What remains for us to determine is whether to remand the case to the district court so that it might first exercise its discretion on plaintiff's motion. Defendant takes the position that even assuming the power to grant temporary relief existed, it should not be exercised here because under the Supreme Court's decision in United States v. Colgate & Co., 250 U.S. 300, 39 S.Ct. 465, 63 L.Ed. 992 (1919), it had a right to refuse to deal with plaintiff, and, therefore, temporary relief must be denied. We think, however, that Colgate is in apposite here. The Colgate Company was indicted for entering into a combination with wholesale and retail dealers for the purpose of fixing resale prices. The Supreme Court affirmed the action of the district court which sustained a demurrer to the indictment on the basis that a manufacturer can specify resale prices to its wholesalers and retailers and refuse to deal with anyone who fails to maintain them without violating the antitrust laws. In the instant case, a civil action, the gravamen of the main claim is discriminatory dealing and monopolizing and attempting to monopolize which, of course, is unrelated to the resale price maintenance policy involved in Colgate.

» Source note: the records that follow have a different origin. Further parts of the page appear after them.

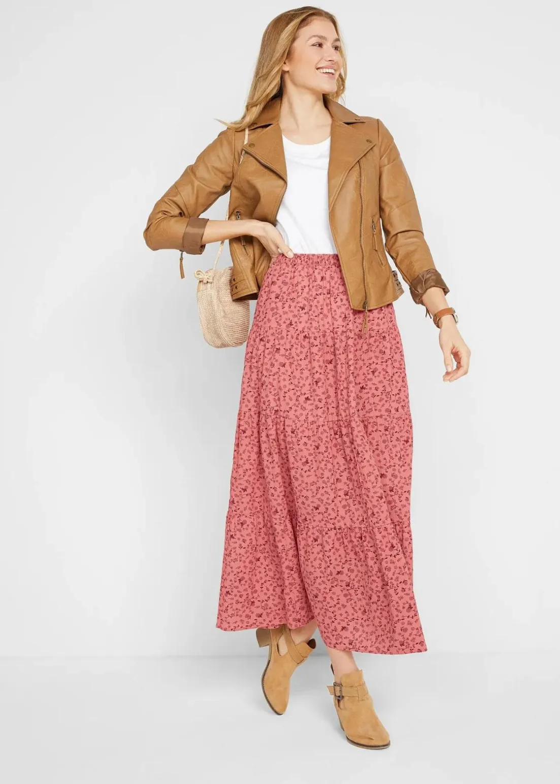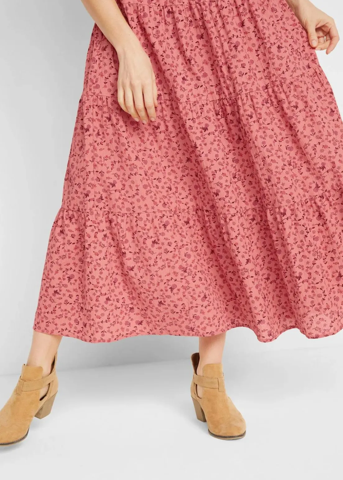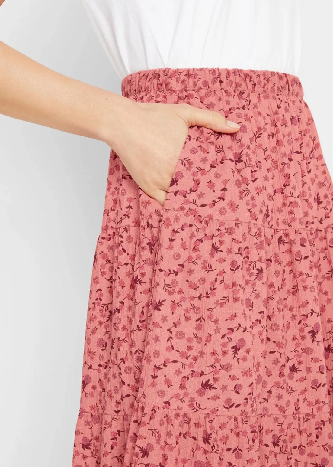 Baumwoll-Stufenrock mit Elastikbund in Maxi-Länge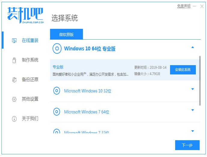 方法二:装机吧一键重装系统软件在线重装win10系统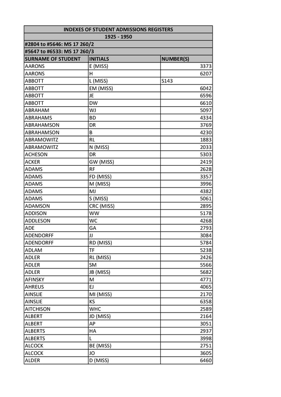 - An alphabetical index of students admitted to Rhodes University between 1925 and 1950, giving the admission number, so that the student's entry may be found in the corresponding MS volume held in the Cory Library.

In that case, furthermore, the Supreme Court qualified its statement concerning a seller's freedom to choose customers by indicating that the rule would not apply where there is a purpose to create or maintain a monopoly. The undisputed facts here are that the buyer-seller relationship was discontinued because of the filing of the main action. True enough, the defendant can choose customers, but it should not be permitted to do so in order to stifle the main action, especially where it is apparent that such conduct will further the monopoly which plaintiff alleges defendant is attempting to bring about and which, if proved, would entitle plaintiff to permanent relief. Lorain Journal Co. v. United States, 342 U.S. 143, 72 S.Ct. 181, 96 L.Ed. 162 (1951). The possibility that the court may decide the right to permanent relief adversely to plaintiff does not preclude it from granting the temporary relief. Burton v. Matanuska Valley Lines, Inc., 244 F.2d 647, 650, 17 Alaska 298 (C.A.9, 1957).

It is clear to us, based on the unchallenged facts in the record, that a temporary injunction should have been granted.

Private actions are an important means of enforcing the antitrust laws of the United States. Such actions are a vehicle for serving not only the immediate interests of the litigants, but the continuing interest of the public in a smoothly functioning and unobstructed system of commerce. Congress voiced its recognition of the importance of private actions by enacting special provisions for treble damages and attorneys' fees. That, indeed, weighs heavily with this court in considering whether equity jurisdiction should be exercised.6

Plaintiff is a "full-line, full-service wholesaler," which means that it...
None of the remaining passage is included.